Data for this exercise:
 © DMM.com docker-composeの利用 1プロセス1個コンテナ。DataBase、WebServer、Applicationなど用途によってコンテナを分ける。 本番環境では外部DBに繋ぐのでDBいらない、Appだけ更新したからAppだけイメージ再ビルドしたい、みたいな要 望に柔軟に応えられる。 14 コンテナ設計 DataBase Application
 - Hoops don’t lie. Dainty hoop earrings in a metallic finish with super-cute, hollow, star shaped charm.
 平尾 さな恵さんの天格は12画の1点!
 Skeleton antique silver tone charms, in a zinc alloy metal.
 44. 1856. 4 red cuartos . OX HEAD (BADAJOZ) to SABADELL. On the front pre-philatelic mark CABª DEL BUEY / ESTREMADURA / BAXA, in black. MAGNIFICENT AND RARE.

...

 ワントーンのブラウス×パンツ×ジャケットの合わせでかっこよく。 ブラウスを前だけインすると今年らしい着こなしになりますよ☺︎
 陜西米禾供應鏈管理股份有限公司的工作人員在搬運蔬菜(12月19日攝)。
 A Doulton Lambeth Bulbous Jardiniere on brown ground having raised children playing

Work to complete: Print, from the entries above, the line with "ワントーンのブラウス×パンツ", the line with "A Doulton Lambeth" and all lines between them, exactly and with nothing else.

Completed exercise:
 ワントーンのブラウス×パンツ×ジャケットの合わせでかっこよく。 ブラウスを前だけインすると今年らしい着こなしになりますよ☺︎
 陜西米禾供應鏈管理股份有限公司的工作人員在搬運蔬菜(12月19日攝)。
 A Doulton Lambeth Bulbous Jardiniere on brown ground having raised children playing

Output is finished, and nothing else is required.